About 20 local residents braved Saturday’s bleak weather to watch the spectacle.

One elderly gentleman in pink trousers who refused to identify himself asked if the building was lost. He seemed pleased to learn that it was actually going home.

“I hope they’re obeying the speed limit,” he commented, as construction workers began a complicated set of turns to parallel-park the Greek revival next to its new foundation.

Palfrey House will be settled on top of a five-story underground parking garage, which is scheduled to be finished at the end of next year.

At 7 a.m., construction workers and professional movers from Northeast Construction Company arrived on the scene. By 8:30, the house had been eased onto a 50-ton hydraulic system and was making its way north to the cranking of pulleys and the sputtering of tractors.

By 1 p.m., the house was preparing to make a sharp left turn that would leave it facing its new neighbors on Hammond Street.

For Eddy N. Couturier, who founded Northeast Building Movers in 1983, this was a typical day’s work.

Couturier has moved between 1,000 and 1,500 buildings over the course of his career. A recent job involved raising a 400-ton brick building up one floor to make room for a ground-level shopping center.

Couturier, clad in jeans, workboots, and a white hardhat, could be seen underneath Palfrey House directing his team, which skillfully engineered each turn.

Site manager Steve Masiello, who stepped back to survey the house as it inched across the parking lot, said this job was relatively simple, as the house was in good repair. Only its chimney needed to be supported during the move.

Guiding the house down a massive ramp which dropped five feet was a more serious concern.

“We’re not only guided by experience, but also gut instinct,” said construction Project Manager Chris Semlies.

Residents watched the show unfold with a mixture of suspense and satisfaction.

Richard Silver, who has lived on Hammond Street for 25 years, said he is pleased that Palfrey House is finally settling down.

He anticipates a return to normal life, without the “noise, dust and construction” of the underground parking garage that has made his house vibrate off-and-on for over a year.

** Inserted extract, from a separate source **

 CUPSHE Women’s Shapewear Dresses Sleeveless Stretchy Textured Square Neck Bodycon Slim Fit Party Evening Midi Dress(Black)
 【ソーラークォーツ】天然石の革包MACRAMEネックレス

Lea Professor of Medieval History Thomas N. Bisson and his wife Carroll Bisson, a Lamont librarian, viewed Palfrey House from behind a metal fence. The couple has lived opposite the house for the last 17 years.

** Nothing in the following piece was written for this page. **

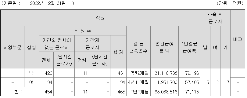 남성의 평균연봉은 7219만원이고 직원수는 431명, 여성은 5740만원이고 직원수는 34명입니다. 전체 평균연봉은 7111만원이고 직원수는 465명입니다.

The Bissons said they were glad to see that it would remain a part of historic Cambridge.

Sean G. Palfrey Sr. and his wife Judith Palfrey, co-masters of Adams House, were offered a closer look at the move because Sean Palfrey’s great-great-grandfather built the house in 1831 as part of his 12-acre Hazlewood Estate. John G. Palfrey II was the first dean of Harvard Divinity School as well as a historian, U.S. Representative and influential abolitionist.

“I’d like to see Palfrey House a part of the community, with the streets that are a part of the family,” said Palfrey, whose birth name is in fact John Palfrey VI, noting that Hammond (the street to which the house was moved) was his great-great grandmother’s maiden name.

According to Alex Speier, a University spokesperson, Palfrey House will be restored and renovated for use by the Faculty of Arts and Sciences in conjunction with the Cambridge Historical Commission.

Palfrey joked that he’d like to see the refurbished building annexed to Adams House.